English landscape painter

Henry William Burgess (c. 1792–1839/40) was a British artist known particularly for his drawings of trees and landscapes. His media were graphite and watercolour.

== Early life and education ==

He was part of the a well-known dynasty of painters who flourished in the 18th and 19th centuries. His father was the portrait-painter William Burgess (1749–1812), and his grandfather was Thomas Burgess (fl. 1766–1786). His brothers were the painters John Cart Burgess and Thomas Burgess. His son John-Bagnold Burgess (1830–1897) also became a successful painter.

== Art ==
Based in Chelsea, like the rest of his family, Burgess exhibited many works at the Royal Academy between 1809 and 1839, the Suffolk Street Gallery, and the New Water-Colour Society in London.

He became landscape painter to King William IV of the United Kingdom in 1826. At least one of his drawings is still in the Royal Collection: "Windsor Castle, a distant view, with deer and horse and cart". He was also drawing master at Charterhouse School.

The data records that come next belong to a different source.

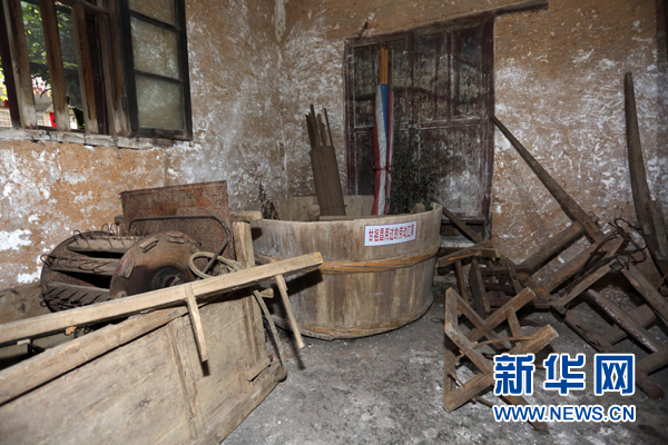 江西蓮花縣沿背村甘祖昌將軍故居中擺放著他曾經(jīng)使用過的勞動工具(3月29日攝)。新華社發(fā)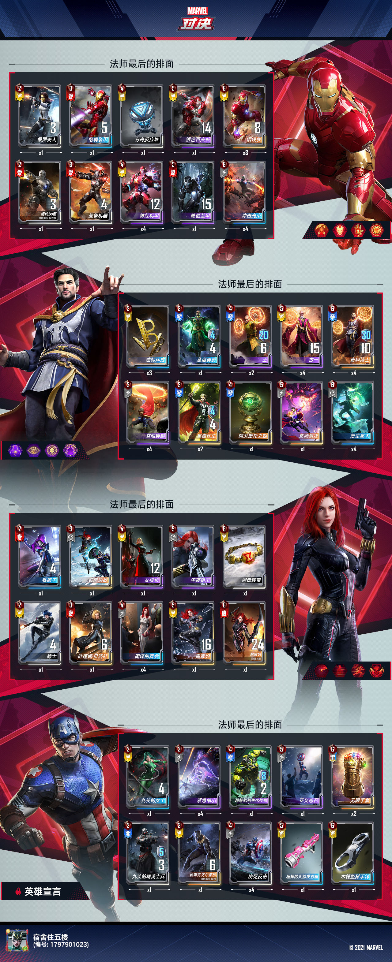 钢铁2星(悬戒) 钢铁侠1星(悬戒1) 莫度 古一 (手铐) 绯红机甲(悬戒)可看情况放一张王和莫度站16号位蛛丝喷射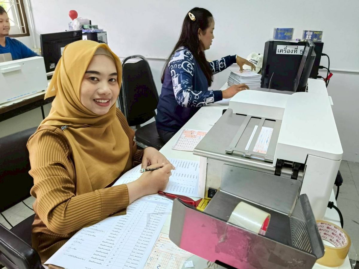 นายบุญนำ หมีนยะลา ผู้อำนวยการสถานศึกษา สกร.ระดับอำเภอมะนัง มอบหมายให้นางสาววรัญญา ลาเต๊ะ ครูศูนย์การเรียนรู้ ดำเนินการตรวจกระดาษคำตอบวัดผลสัมฤทธิ์สอบปลายภาคเรียน 1 ปีการศึกษา 2568

In 1827 the book Eidodendron was published (J. Dickinson, London, 1827), a collection of sepia-printed lithographs on chine applique, realized by the lithographer Charles Joseph Hullmandel (1789–1850) after H.W. Burgess's drawings. The subtitle is: Views of the general Character and Appearance of Trees Foreign & Indigenous as connected with picturesque Scenery. It is a set of pastoral landscapes, each featuring different species of large trees. Rural folk going about their routines provide a sense of scale.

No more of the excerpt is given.